# The omnipresence of Jesus Christ



## Pergamum (Mar 4, 2013)

Hello,

I am studying the omnipresence of Jesus Christ, to include the doctrine of the ubiquity of Christ's physical body. And...I need help.

Any links, sermons, articles, etc, that can help me? Any errors to avoid? Any commentary on past theological discussions in the history of the Reformation or the Church Fathers about this?


----------



## Goodcheer68 (Mar 4, 2013)

The Omnipresence of Jesus Christ: A Neglected Aspect of Evangelical Christology: Zachariades, Theodore
The kindle version is on sale for $2.99 at amazon right now.

The Omnipresence of Jesus Christ: A Neglected Aspect of Evangelical Christology: Theodore Zachariades, Michael A. G. Haykin: Amazon.com: Kindle Store

I recently bought this and have not read it yet so I can't personally attest to it being theologically sound. 
Here is partially what his biography on amazon states "His Master of Divinity and Doctor of Philosophy degrees are from the Southern Baptist Theological Seminary Louisville, KY. Prior to having his dissertation made available in July 2012 as a kindle book on Amazon, Theodore had four articles published: "Dispensation," "Kenosis," "Millennium," and "Savior," in Holman Illustrated Bible Dictionary (Nashville: Broadman and Holman, 2003)."

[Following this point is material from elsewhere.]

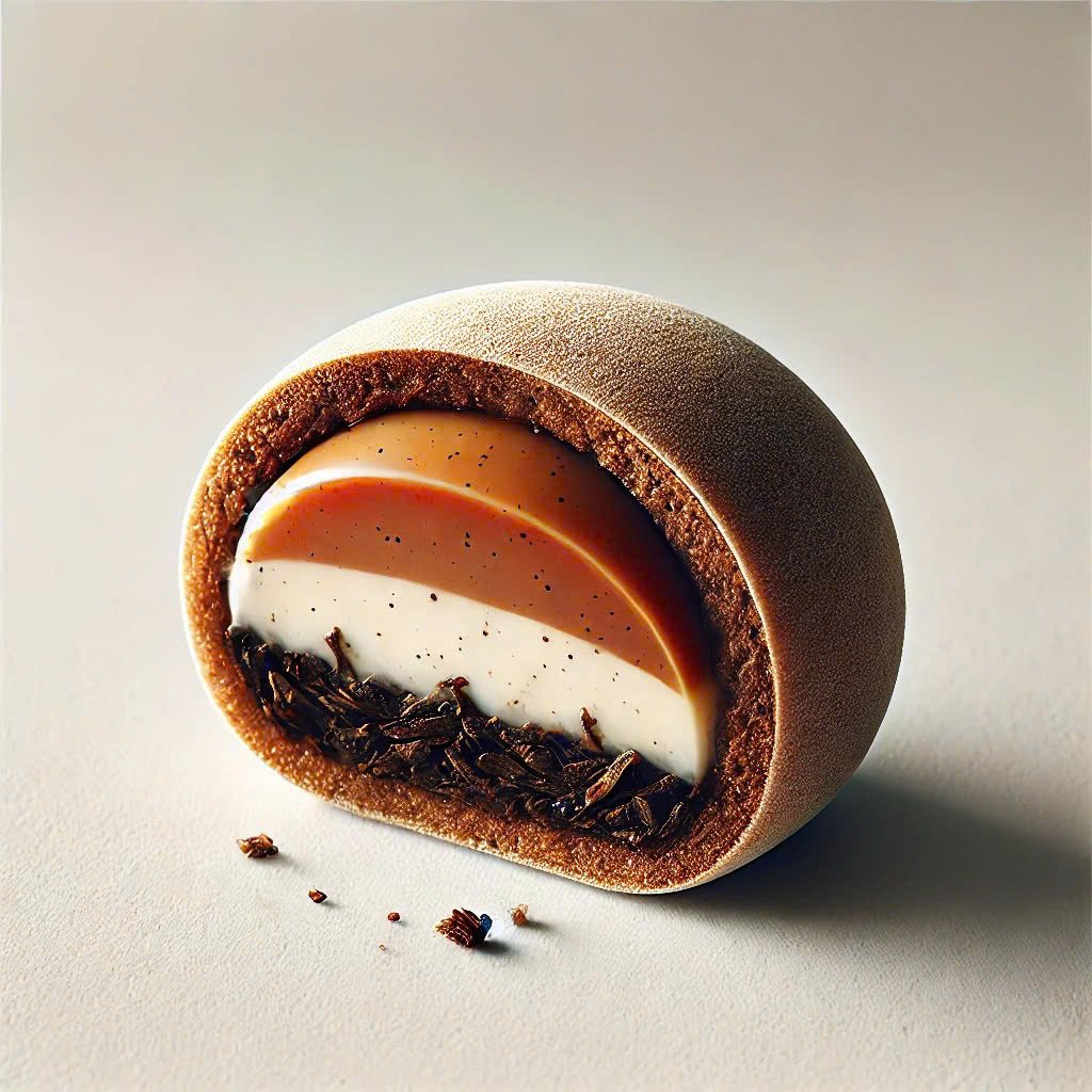 A rich and comforting blend of deep flavors and textures. This mochi features a smooth black tea ganache cream, paired with luscious milk pudding and the caramelized sweetness of brown sugar. Dark chocolate crumbs add a delightful crunch, making each bite a perfect balance of creamy and bittersweet notes.

Let me know how it is. I probably will not be able to get around to reading it for a few months.


----------



## Peairtach (Mar 4, 2013)

There might be some hints here:
Communicatio idiomatum - Wikipedia, the free encyclopedia

https://www.google.co.uk/search?q=l...975,d.d2k&fp=1ff146335c2fd68a&biw=800&bih=437


----------



## py3ak (Mar 4, 2013)

Pergamum said:


> Any errors to avoid?



Yes, the RC and Lutheran Christological confusion which has the body of Christ being present in more than one place at one time.

Here is a previous thread: http://www.puritanboard.com/f15/christs-ubiquity-matthew-18-20-a-48015/

Reformed Christology is one of the points at which Reformed doctrine is at its strongest. I would suggest Richard Sibbes' _Description of Christ_ for a breathtaking overview, Thomas Goodwin's _The Heart of Christ in Heaven Towards Sinners on Earth_ and _Christ Set Forth_ for some in-depth treatment, and Mark Jones' _A Christian's Pocket Guide to Jesus Christ_ for a modern discussion. Bavinck and Turretin in their respective systematics provide some very cogent and competent treatment of the issues.


----------